[Exercise brief]: Should the entries contain pictures, leave them out and return exactly the lines from the first through the line holding "98% Keyboard layout: preserves".

[Material shown]:
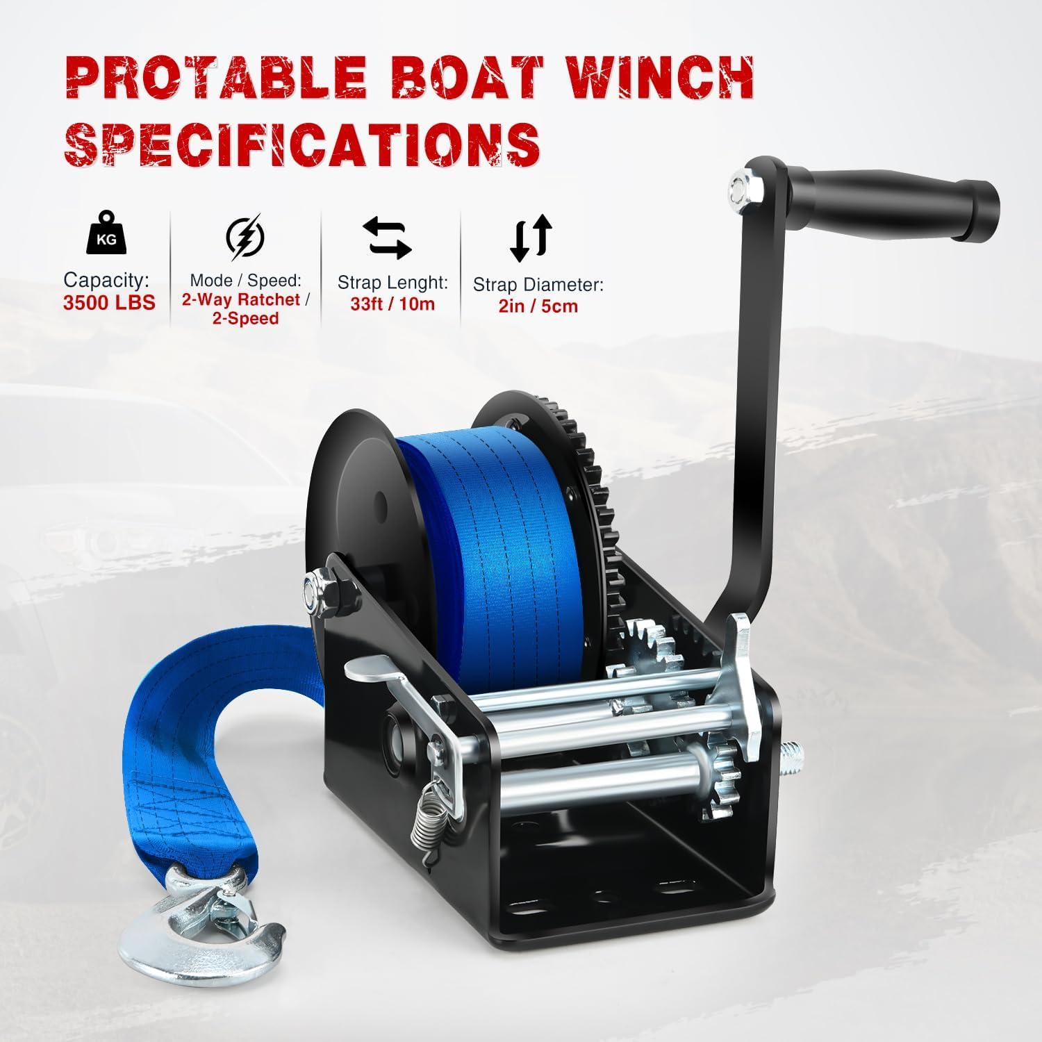 Nilight Boat Trailer Winch 3500 LBS Hand Crank Winch Heavy Duty Boat Winches with 33 FT Orange Strap Rope Hook Two Way Ratchet 4:1 8:1 Gear Portable Marine Manual Winch for Trailers Boat RV ATV Towing(Blue)
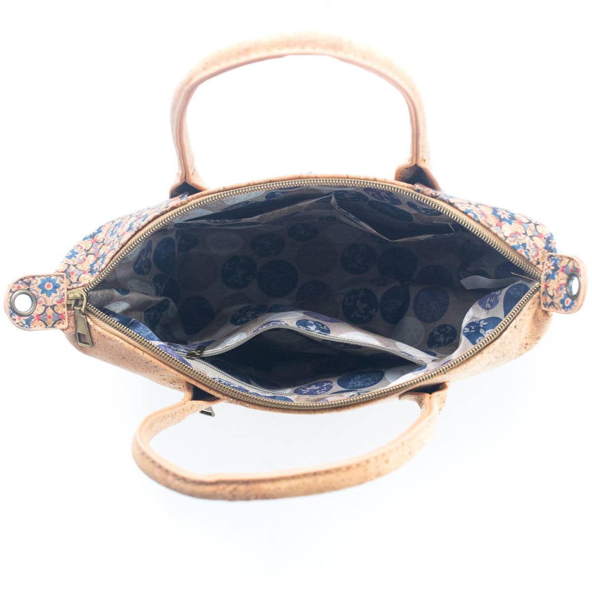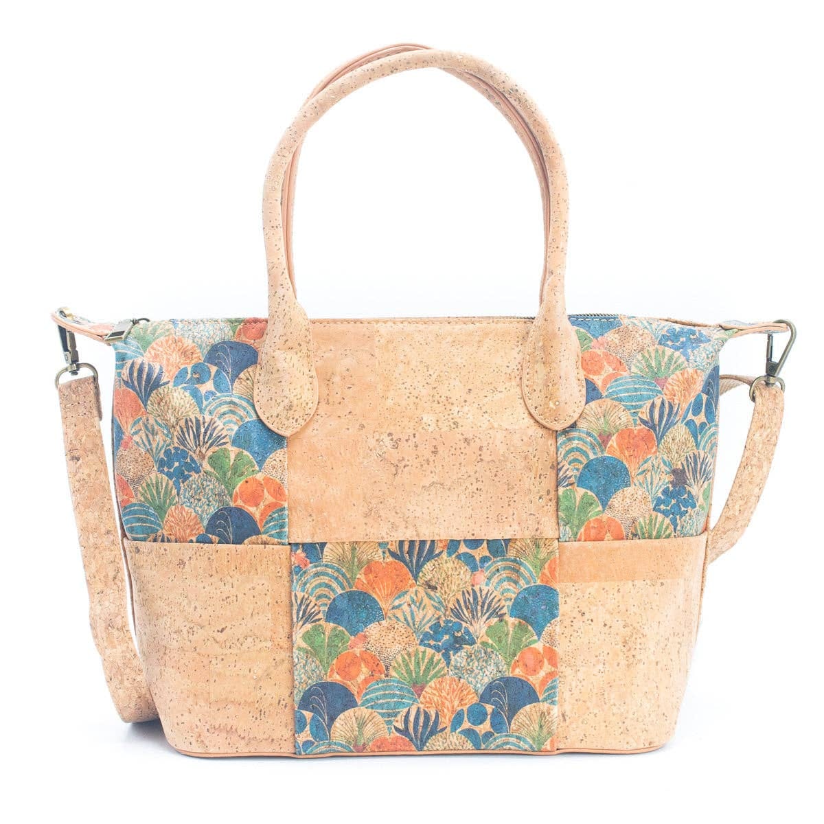 Представяме ви нашата зашеметяваща дамска чанта тип Tote от естествен корк с пъстър дизайн. Тази изискана чанта е изработена от изцяло естествен корк и разполага с уникална предна част, съставена от множество парчета, безпроблемно комбинирани едно с друго. Обратната страна на чантата включва удобен джоб с цип, който ви позволява сигурно да съхранявате вещите си, докато сте в движение. Вътре в чантата ще намерите добре проектирани отделения, включително разделен слой и специални слотове за мобилен телефон и карти.
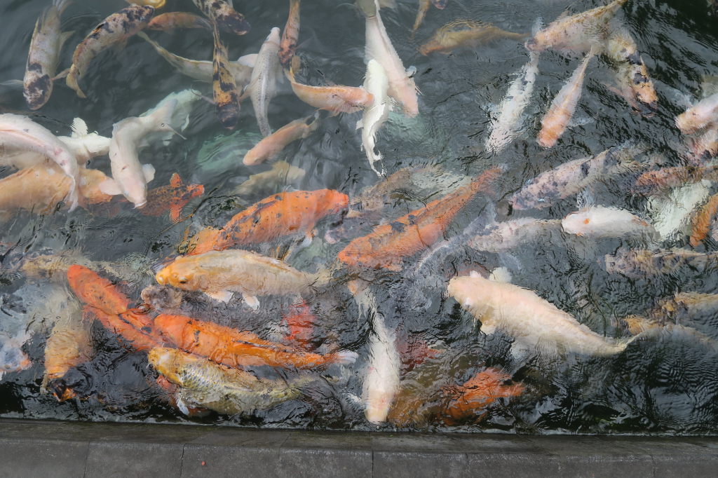 Bassin avec d’énormes carpes Koï – habituées à être nourries par les touristes, elles rappliquent dès qu’on s’approche du bord
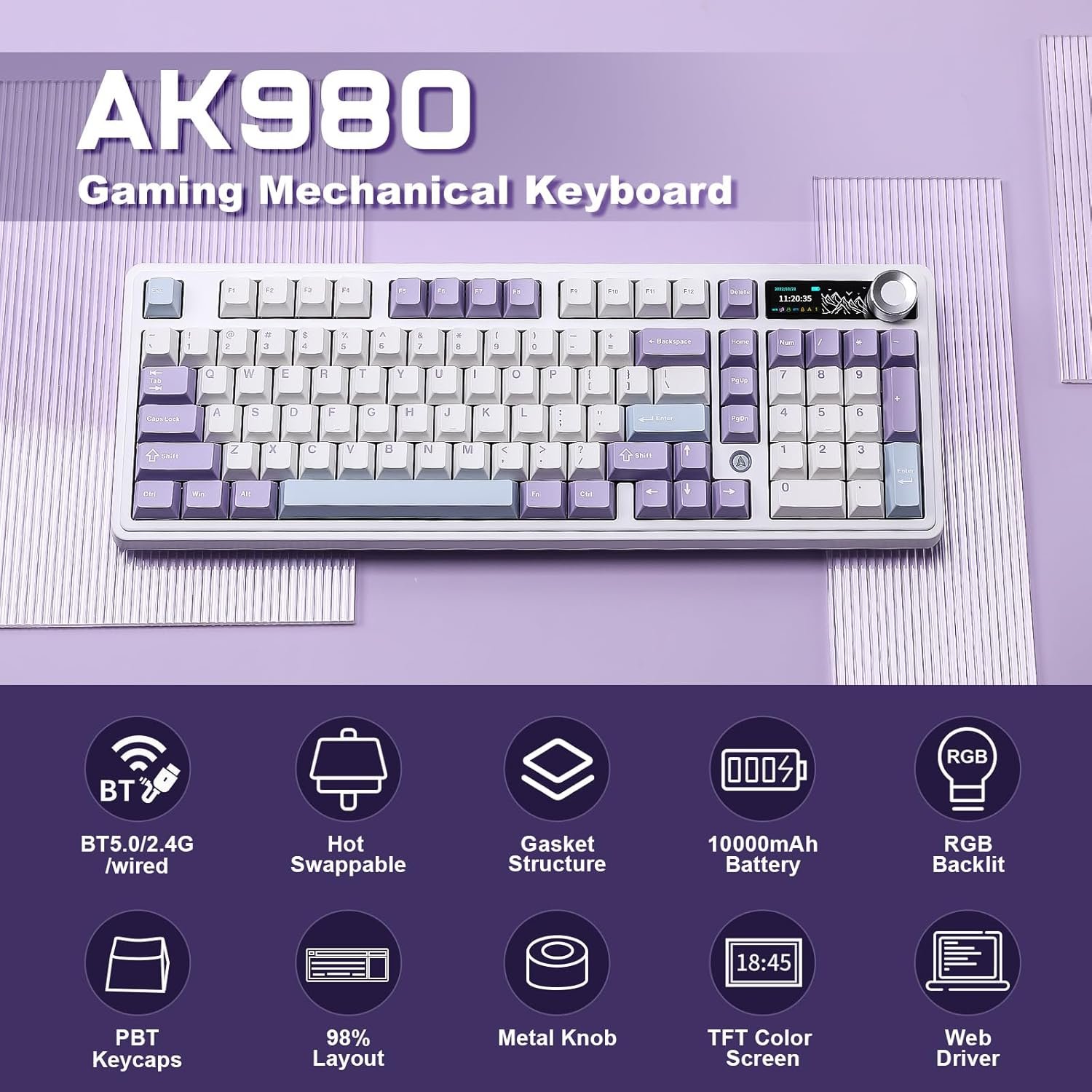 98% Keyboard layout: preserves the numeric keypad and commonly used function keys, such as F key area, arrow keys, etc., and the layout of the keys is more scientific and reasonable, according to the principle of ergonomics, optimizing some of the least used keys, so that the overall dimensions of the keyboard are more compact, saving desktop space, and at the same time, to meet the user’s daily needs for a variety of operations adores. , to improve work and play efficiency
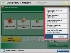 Сведения об экранах, которые могут быть заданы для отображения после запуска аппарата, см. в разделе "Экран по умолчанию после запуска/восстановления". Параметры, которые может задать пользователь, могут отличаться в зависимости от его привилегий. Дополнительные сведения о регистрации и изменении часто используемых параметров см. в следующих разделах: Регистрация/правка/удаление кнопок часто используемых параметров для функции Копирование Регистрация/правка/удаление кнопок часто используемых параметров для функции Сканировать и отправить Регистрация и правка часто используемых параметров для функции Доступ к сохраненным файлам Регистрация и правка часто используемых параметров для функции Сканировать и сохранить Дополнительные сведения о регистрации клавиш быстрого вызова для разделов Параметры и Часто используемые параметры см. в следующих разделах: Регистрация клавиш быстрого доступа для функции Копирование Регистрация клавиш быстрого доступа для функции Сканировать и отправить |

[Result of this exercise]:
 Nilight Boat Trailer Winch 3500 LBS Hand Crank Winch Heavy Duty Boat Winches with 33 FT Orange Strap Rope Hook Two Way Ratchet 4:1 8:1 Gear Portable Marine Manual Winch for Trailers Boat RV ATV Towing(Blue)
 Представяме ви нашата зашеметяваща дамска чанта тип Tote от естествен корк с пъстър дизайн. Тази изискана чанта е изработена от изцяло естествен корк и разполага с уникална предна част, съставена от множество парчета, безпроблемно комбинирани едно с друго. Обратната страна на чантата включва удобен джоб с цип, който ви позволява сигурно да съхранявате вещите си, докато сте в движение. Вътре в чантата ще намерите добре проектирани отделения, включително разделен слой и специални слотове за мобилен телефон и карти.
 Bassin avec d’énormes carpes Koï – habituées à être nourries par les touristes, elles rappliquent dès qu’on s’approche du bord
 98% Keyboard layout: preserves the numeric keypad and commonly used function keys, such as F key area, arrow keys, etc., and the layout of the keys is more scientific and reasonable, according to the principle of ergonomics, optimizing some of the least used keys, so that the overall dimensions of the keyboard are more compact, saving desktop space, and at the same time, to meet the user’s daily needs for a variety of operations adores. , to improve work and play efficiency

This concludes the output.